I chuckled. It was rusty and painful but I appreciated the levity. “I’m sure they will be.”
Then, I walked out the back door toward my much smaller cottage. Once in I settled onto the couch in the living room, my phone in my hand, in the dark. I wanted to call Jasmine. I needed to hear her voice, but if I did, I wouldn’t stop until I had her in my arms.
I settled for a text: Are you okay? I’m worried.
I checked the screen obsessively, so I knew when she read the message. But it wasn’t until after midnight, when I’d gone back to Nash’s house and scrubbed the pots and cleaned up the kitchen so that it sparkled, that she replied.
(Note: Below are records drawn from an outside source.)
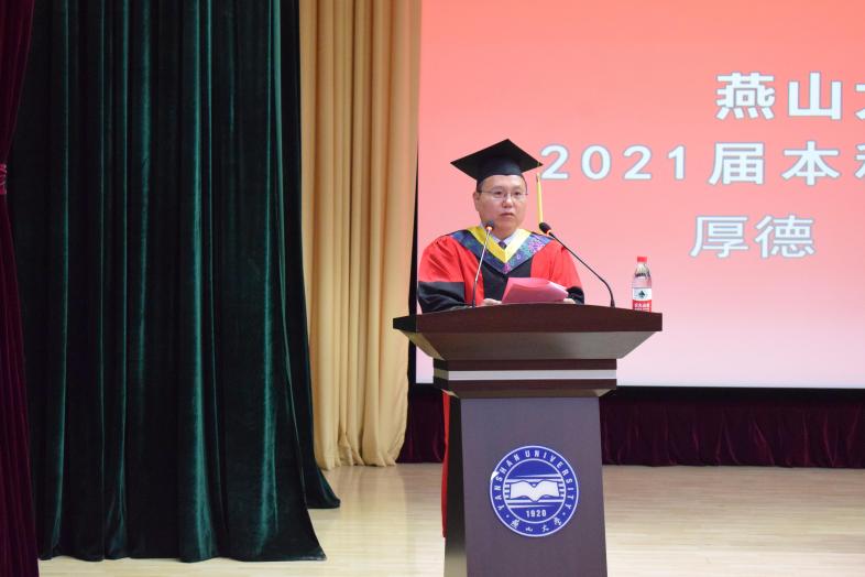 学院永远是毕业生坚强的后盾。院长赵庆新代表学院向各位毕业生表示热烈的祝贺,向为学生的成长倾注心血、默默耕耘的老师们致以最诚挚的感谢。赵庆新院长对毕业生提出六点希望:一是树立明确的奋斗目标。要带走燕大人为理想而奋斗的精神。二是脚踏实地干实事。把眼前每一份小的工作当成一份事业来完成。三是勇于创新。通过学习、思索和领悟提高学习效率。四是锻炼身体强健体魄。多为自己的身体充电。五是助人为乐。急人之困,助人终助己。六是多一点情怀。踏踏实实做好每一个工程就是建工人的大情怀。赵庆新院长表示,建工学院永远是每一位毕业生心灵的港湾,衷心祝愿大家平安健康、前程似锦。
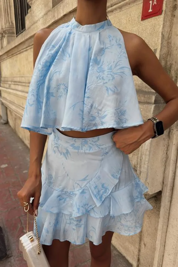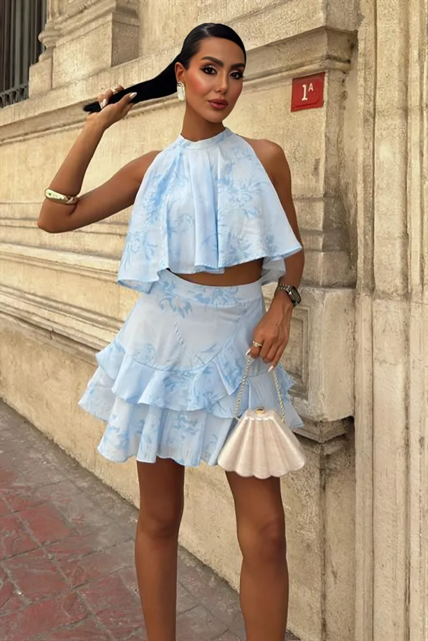 This mini dress is a vision of summer elegance. It features a light blue base with a subtle floral print of delicate white and light blue motifs, creating a monochromatic and romantic look. The tiered ruffled layers add volume and movement, making it perfect for warm-weather events.
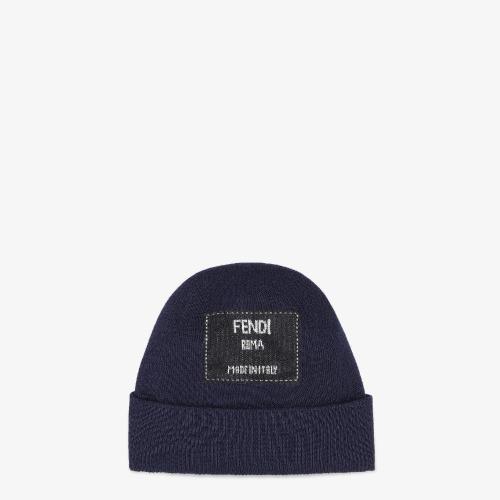 FENDI芬迪 22年春夏 男士 帽子 蓝色羊绒帽子 FXQ056AIKIF0QA2
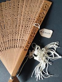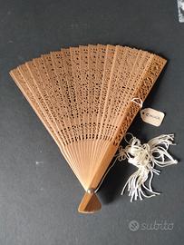 Ventaglio molto vecchio anche profumato di materiale difficile da definire tipo di legno Che si trova in Cina leggerissimo e sottilissimo con scatola a vista e bigliettino di riconoscimento con bollino rosso obbligatorio per uscire dal territorio cinese che comprova l'acquisto autorizzato nei negozi in Cina
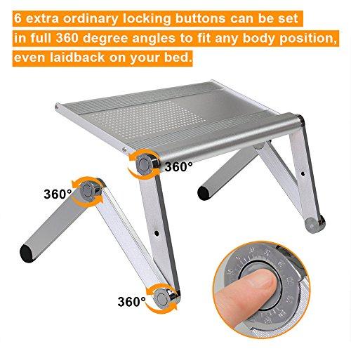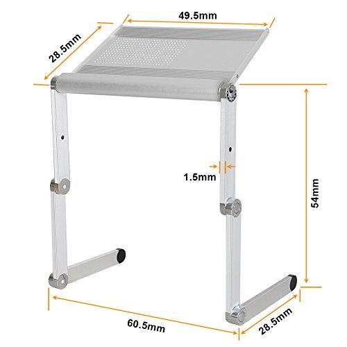 ソファー・ベッド・デスクなど、様々なシーンでお使いいただける、薄くて軽いアルミ製折りたたみ式のラップトップデスクです。違う場所や用途や対象などによって、様々のニーズを満足します。天板はW49.5×D28.5cm幅広設計で、 14、15、16インチのノートPC、雑誌、新聞等にご利用可能です。全面的に光沢のアルミ製で、スタイリッシュなデザインになっています。 ? 312個の通気口で空気をまんべんなく分配、机の上にそのまま置くより、放熱効果が格段にあがり、ノートパソコンの熱暴走を防げます。312個の通気口で空気をまんべんなく分配、机の上にそのまま置くより、放熱効果が格段にあがり、ノートパソコンの熱暴走を防げます。ボタンを押しながら動かす。ボタンを押しながら動かす。高さを調整する前に、調整する高さの値を確認して、両側のジョイントが平行で対称になるようにしてください。 または、正確な高さを調整できるように周囲の人を手伝ってもらいます。ご注意:関節に36個の歯車止めが有ります。歯車を正しく噛み合わせなければ、手がボタンから離しても、ボタンが上がらない場合も有ります。そういう時は足を軽く動かしてください。折りたたみ機能もあるし、立てかけて使えます。ノートパソコンを長時間使っていて、腰痛や肩こり、目の疲れに悩まされてる方にオススメ!ご注意:本体の重心がうまくいかない状態で利用しないでください。
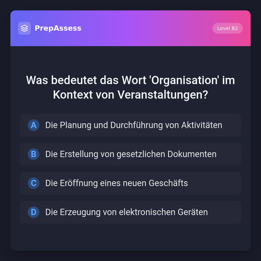 Was bedeutet das Wort 'Organisation' im Kontext von Veranstaltungen?
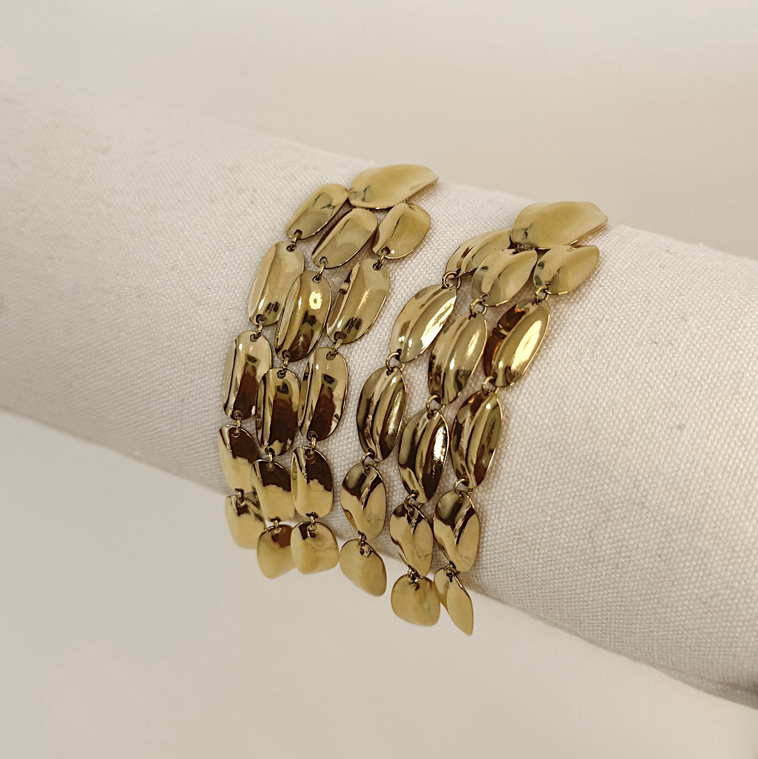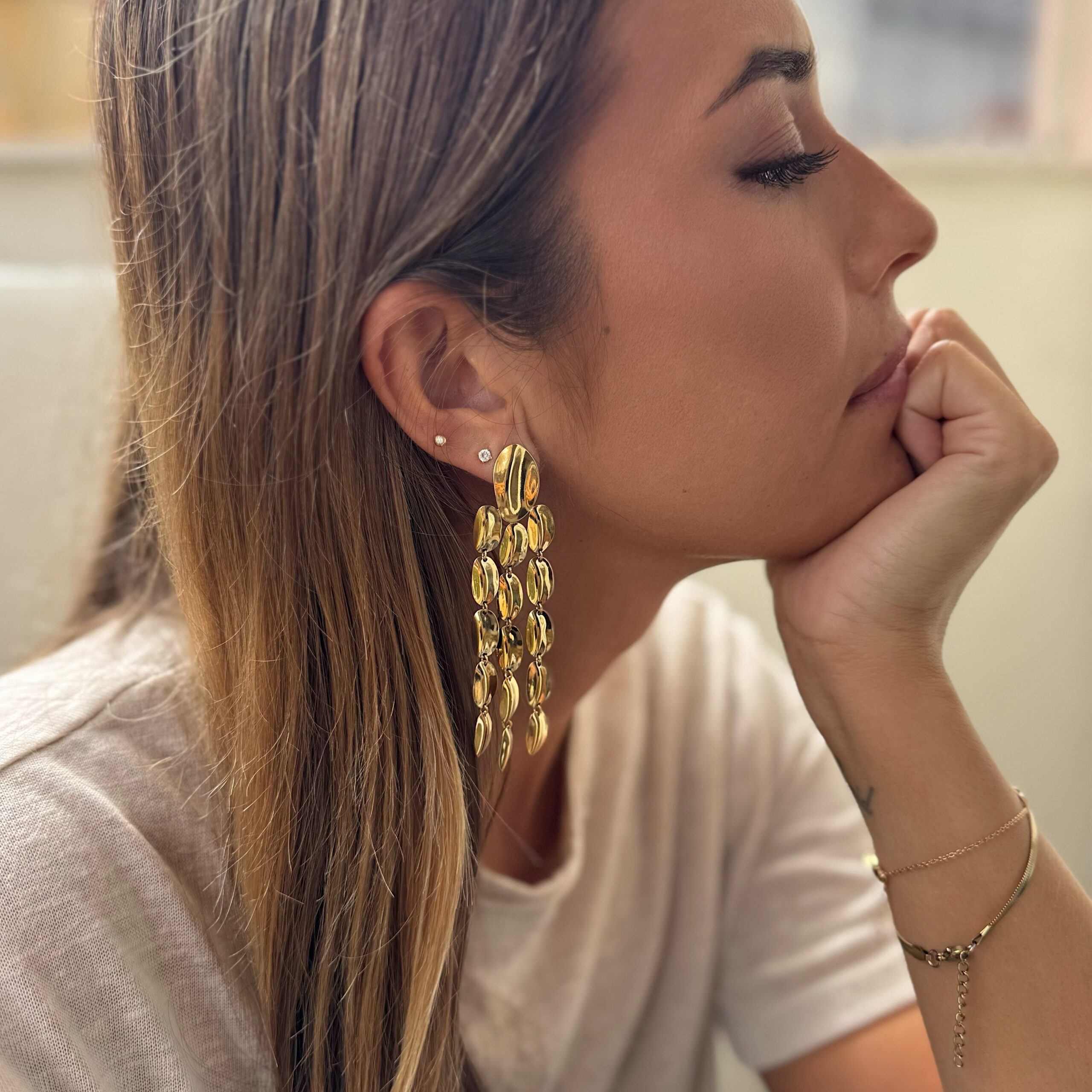 Pendientes largos en acero inoxidable con acabado dorado, elegantes y resistentes al agua. Su diseño colgante aporta movimiento y un toque sofisticado a cualquier look.

She sent a picture of her arm in a cast, and: Not yet, but I will be.
She was hurting, and she’d be alone by now, I was sure of it.
Jasmine would have sent the kids home to get rest even though she was still at the hospital.
That was just her way; she considered others before herself, and because she was their mother, they’d been conditioned not just to listen to her but to expect that self-sacrifice.
The problem was no one was Jasmine’s champion.
As far as I could tell, she hadn’t had one since Cam and Carter’s father died thirty-odd years ago.
I could be that for her. Maybe. Well, not if I continued down the path I’d set for myself—the path of avoidance that I thought was protecting her.
Clearly, I’d been wrong. Devastatingly so.
Swallowing that truth hurt, but it didn’t make it less true.
I stared up at the ceiling of my bedroom where I lay atop the comforter, still dressed. My thoughts jumbled and twisted together and over themselves like a wriggling mass of newborn snakes.
I kept coming back to the realization that I hadn’t given in to the rage that consumed me when I heard the news. I’d held Levi, made him laugh even as those horrible sensation poked at me.